/jormungandr

A prototype-like object system based entirely on functions.

Primary LanguageClojure

jormungandr

A prototype-like object system based on functions.

Motivation

Nothing practical really. I just figured that since people have already built functional programming on top of OO (e.g. Clojure), I might as well build OO on top of FP.

Why a prototype-like OO system? I believe those are the only true object systems, since there are only objects and no classes.

That said, in jormungandr you don't do prototype inheritance by setting a "proto" attribute or something like that. Being functional in nature, objects are immutable, so you inherit by simply modifying objects and working with the new copies.

Usage

To get it, add this to your leiningen dependencies [jormungandr "0.1.0"]

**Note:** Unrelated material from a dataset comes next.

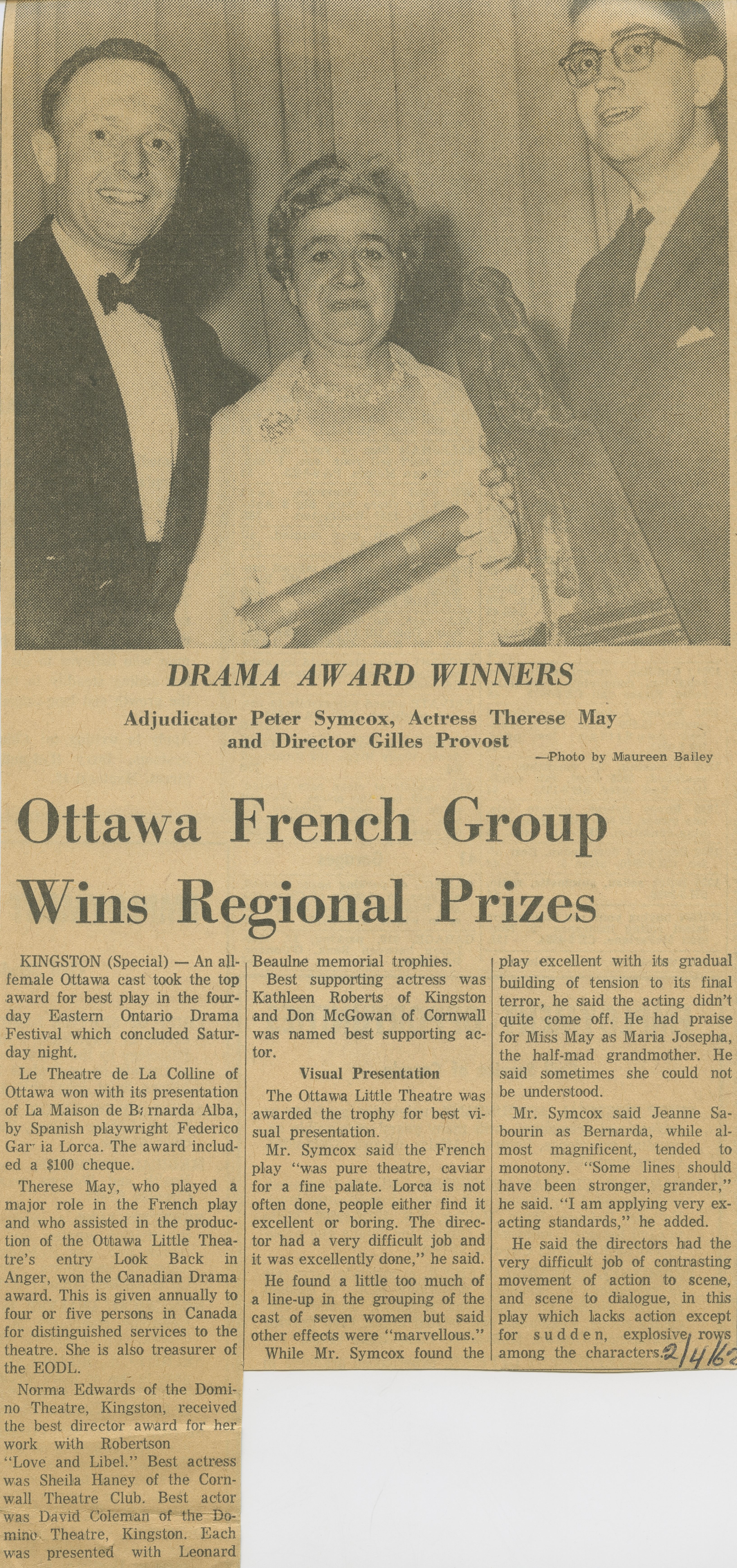 « Ottawa French Group Wins Regional Prizes », The Ottawa Citizen, p.38

To use the library, add this to your code: (use jormungandr). Don't worry about the symbols being interned. There are only 2: object, a function; and ->1, a macro.

This is object's signature: (object [& [attrs methods]]) You can create new objects by passing this function a map of attributes and a map of methods. Method names should be keywords, but they can really be anything. The functions mapped to them must always take the object itself as their first argument.

You invoke methods like this: (some-object :some-method arg1 arg2 ... argN)

Objects come with various basic operations by default. You invoke them just like you would a method. These are the operations and their signatures:

(obj :$get k)                 ;; Basic getter.
(obj :$set k v)               ;; Basic setter.
(obj :$unset k)               ;; Basic unsetter (the equivalent to Clojure's dissoc).
(obj :$has? k)                ;; The equivalent to Clojure's contains?.
(obj :$attrs)                 ;; Gives you a list of attributes.
(obj :$recall method)         ;; Given a method's name, returns the associated function.
(obj :$learn method function) ;; Adds a new method.
(obj :$forget method)         ;; Removes old method definitions.
(obj :$knows? method)         ;; Like :$has?, but for methods.
(obj :$knowledge)             ;; Like :$attrs, but for methods.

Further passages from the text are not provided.